As kyjo said, the Nos. 3 and 5 by Glass are the best mostly because of the great performances made by the cpo label.


----------



## MusicSybarite (Aug 17, 2017)

elgars ghost said:


> I recommend Ernst Krenek's symphony no.1, especially for those who likes Sibelius's 7th. Krenek's work predates the Sibelius by a year or two - he was only about 21 when he wrote it. Not saying it's as good as the Sibelius and it certainly isn't as cohesive, but the shared concept of continual change within a single-movement structure might have some appeal.


I agree with you. The symphonies by Krenek I like the most are the first ones, there are interesting ideas that show their details with every listen more and more.


----------



## MusicSybarite (Aug 17, 2017)

Woodduck said:


> Vittorio Giannini - Symphony #4. Composed in 1959, an outstanding specimen of American neoromanticism. If you like Barber you'll probably like this.


Interesting. It's the first time I hear this composer.
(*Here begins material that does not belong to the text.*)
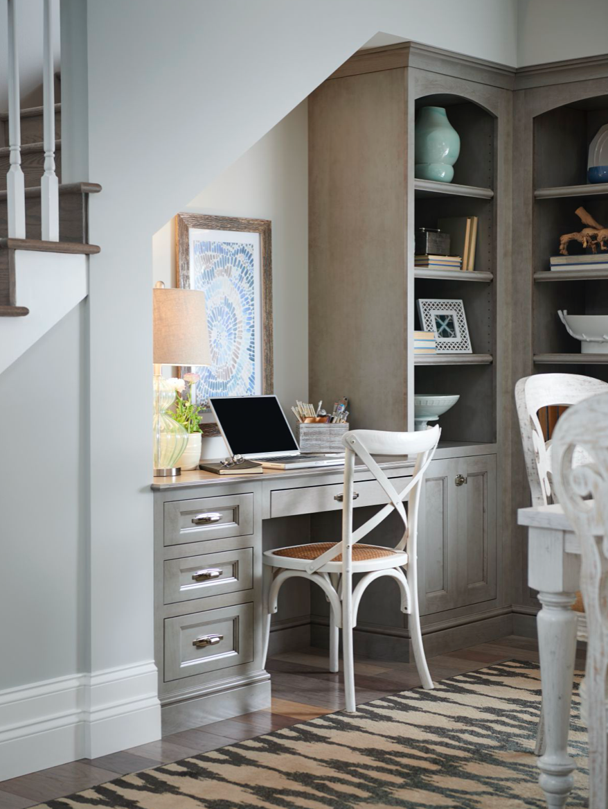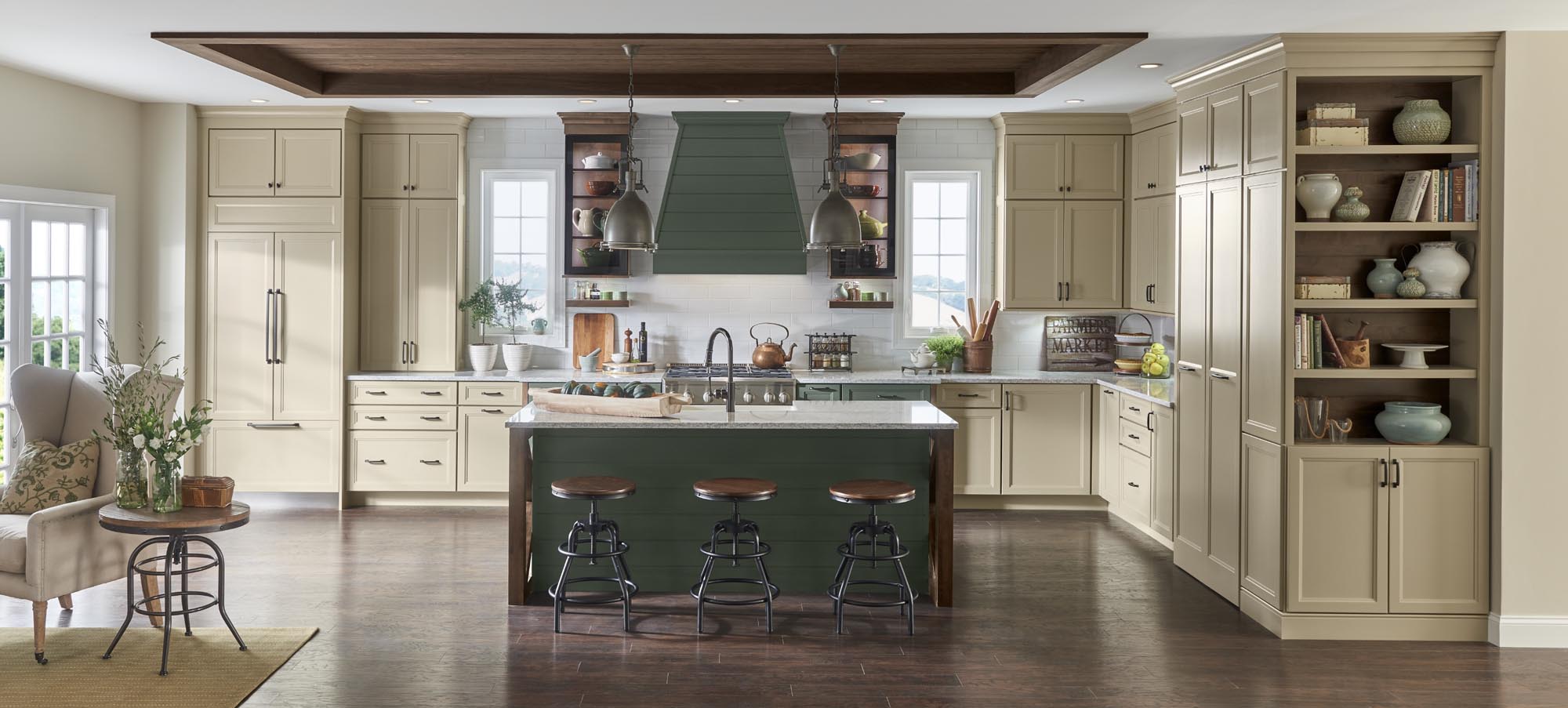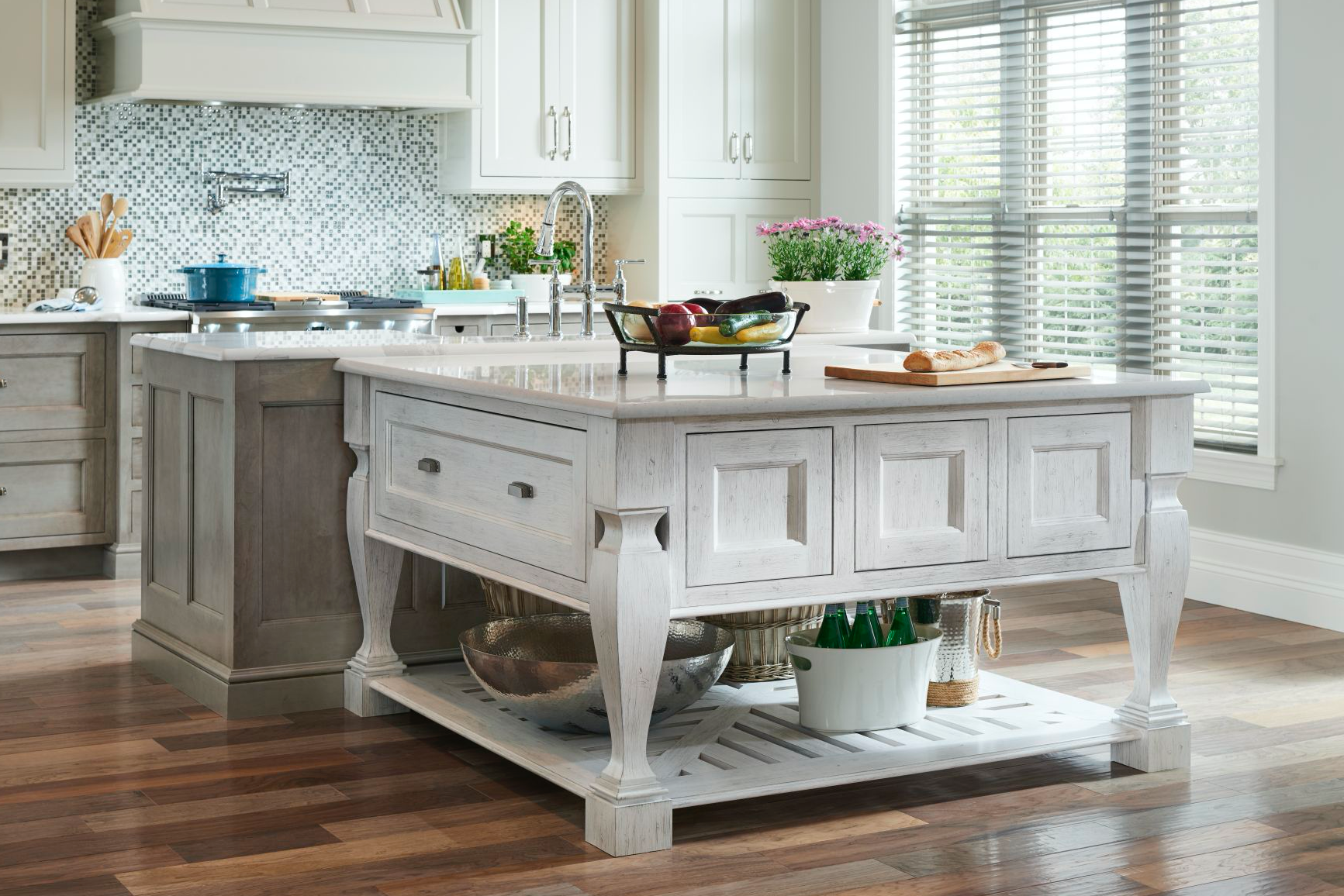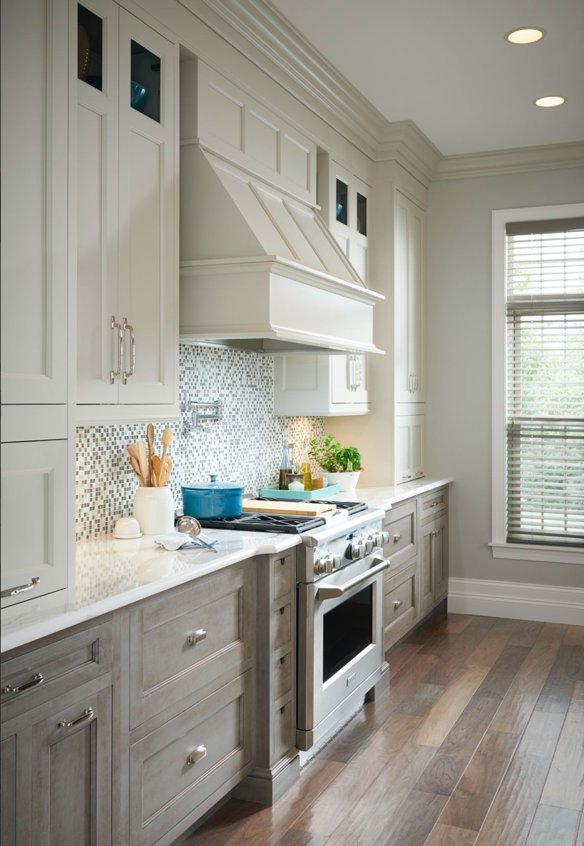 Shown in Park Place Flat Panel in maple Sea Salt Classic, Earl Grey Classic, Park Place Raised Panel in cherry Silver Appaloosa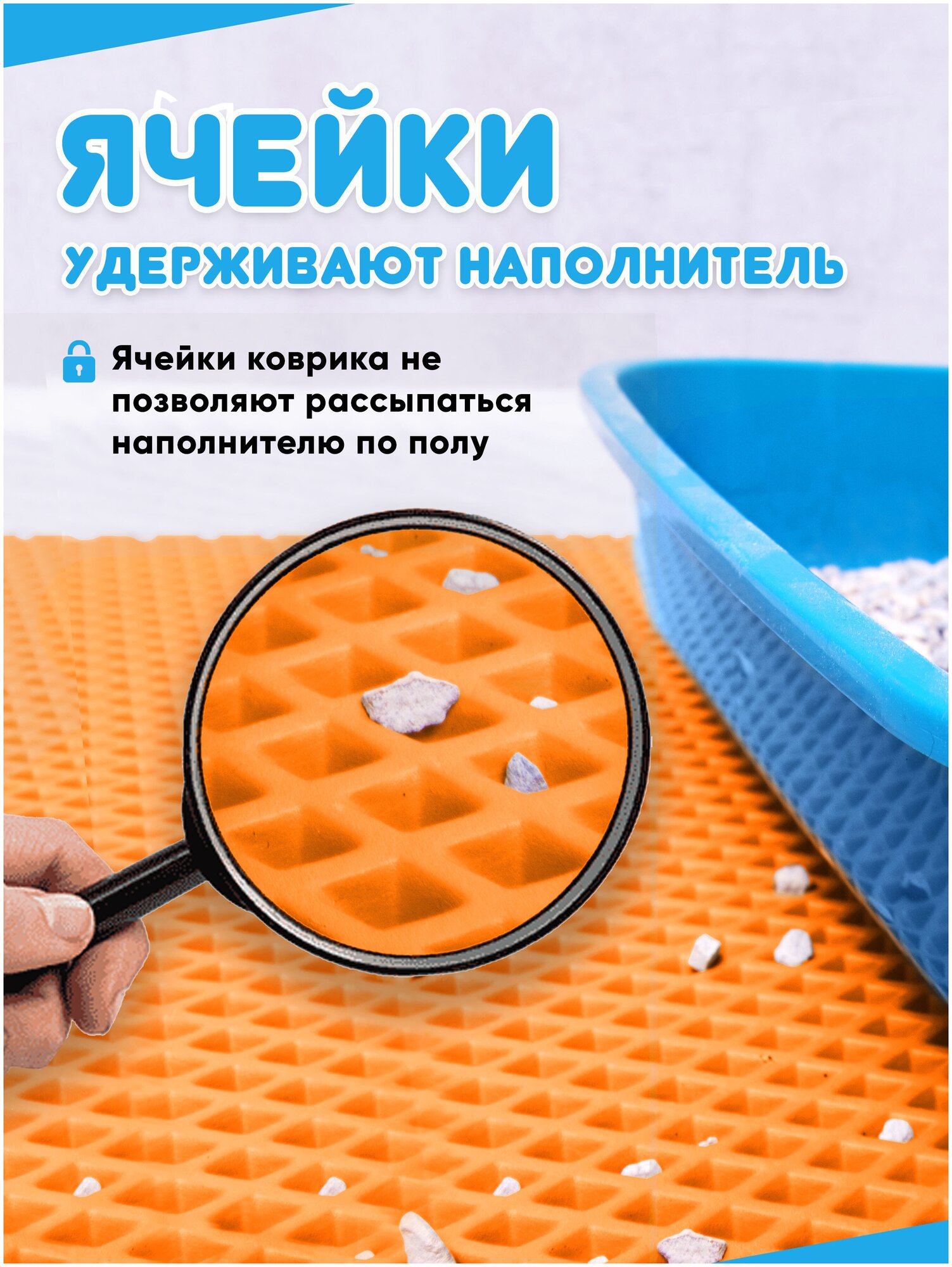 Коврик под лоток для кошек/коврик под лоток для собак / коврик под лоток / коврик для туалета (синий) 75*57см

I'll check it out.


----------



## MusicSybarite (Aug 17, 2017)

DaveM said:


> Svendsen #1:
> 
> 
> 
> ...


Other great examples! My favorite among them is the Rott, foreshadowing the Mahler's style. Gade is like a Danish Mendelssohn, his symphonies are certainly enjoyable. I've listened to that one by Noskowski but I don't remember it so well.


----------



## mbhaub (Dec 2, 2016)

MusicSybarite said:


> Interesting. It's the first time I hear this composer. I'll check it out.


Be prepared to be disappointed, I'm afraid. The 3rd is a wonderful work, full of life, good tunes and it just bubbles along. Could be the medium - wind band. One of the best symphonies for band, although the field is very, very small. The other Giannini symphonies are just forgettable, unremarkable, and even dull. I've played the 2nd and 4th with no desire to ever play them again. Some forgotten and neglected composers are treated so with good reason. Not one of the best. Let us know, though, what you think.


----------



## kyjo (Jan 1, 2018)

MusicSybarite said:


> Wondrous choices! I know all of them except Schulhoff and Kinsella. I'll have to get them.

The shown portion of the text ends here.